Does const allow for (theoretical) optimization here?

Question

Consider this snippet:

void foo(const int&);

int bar();

int test1()
{
    int x = bar();
    int y = x;
    foo(x);
    return x - y;
}

int test2()
{
    const int x = bar();
    const int y = x;
    foo(x);
    return x - y;
}

In my understanding of the standard, neither x nor y are allowed to be changed by foo in test2, whereas they could be changed by foo in test1 (with e.g. a const_cast to remove const from the const int& because the referenced objects aren't actually const in test1).

Now, neither gcc nor clang nor MSVC seem to optimize test2 to foo(bar()); return 0;, and I can understand that they do not want to waste optimization passes on an optimization that only rarely applies in practice.

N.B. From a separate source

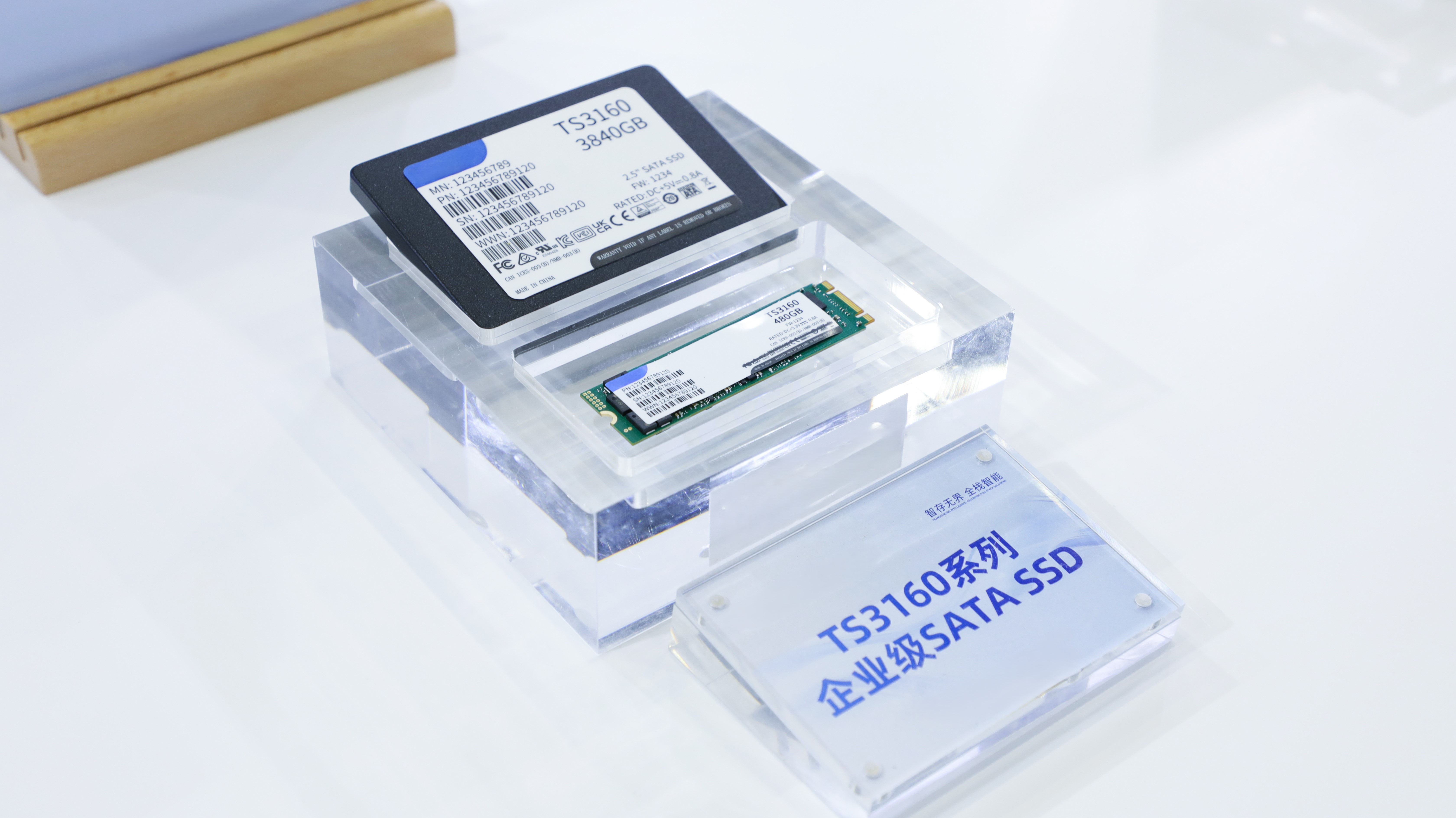 在锡圆半导体展位现场,展示了品牌SATA SSD产品,该SATA启动盘专为云服务器基础架构优化设计,具备安全可靠、性能稳定的特点。

But am I at least correct in my understanding of this situation, or am I missing some legal way for x to be modified in test2?

Answer 1

The standard says in [dcl.type.cv]:

Except that any class member declared mutable […] can be modified, any attempt to modify […] a const object […] during its lifetime […] results in undefined behavior.

It is also not possible to make this defined by ending the lifetime of the object prematurely, according to [basic.life]:

Creating a new object within the storage that a const complete object with […] automatic storage duration occupies, or within the storage that such a const object used to occupy before its lifetime ended, results in undefined behavior.

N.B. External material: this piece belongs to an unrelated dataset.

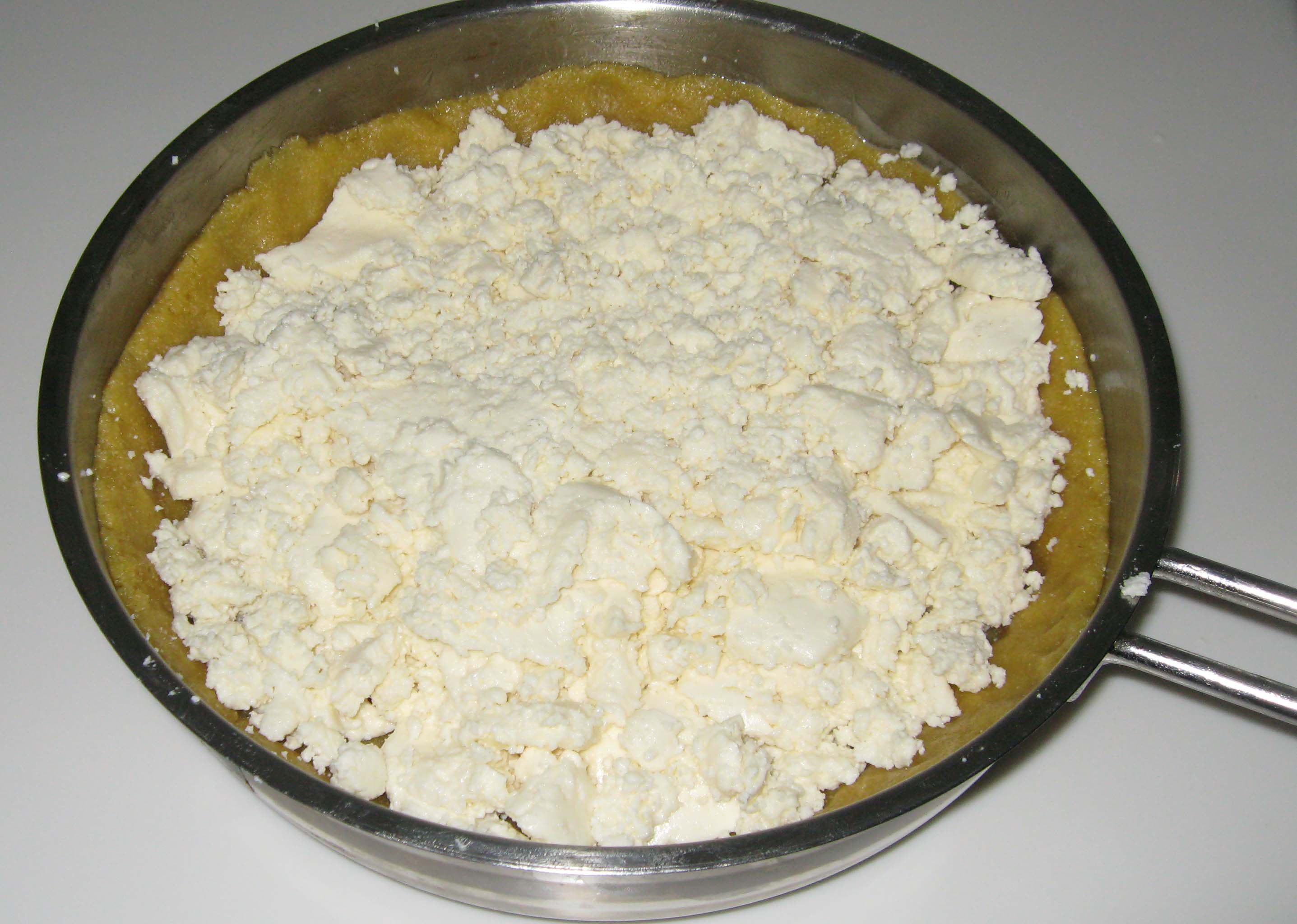 Then, press semolina dough in the pan

This means that the optimization of x - y to zero is valid because any attempt to modify x in foo would result in undefined behavior.

The interesting question is if there is a reason for not performing this optimization in existing compilers. Considering that the const object definition is local to test2 and the fact is used within the same function, usual exceptions such as support for symbol interposition do not apply here.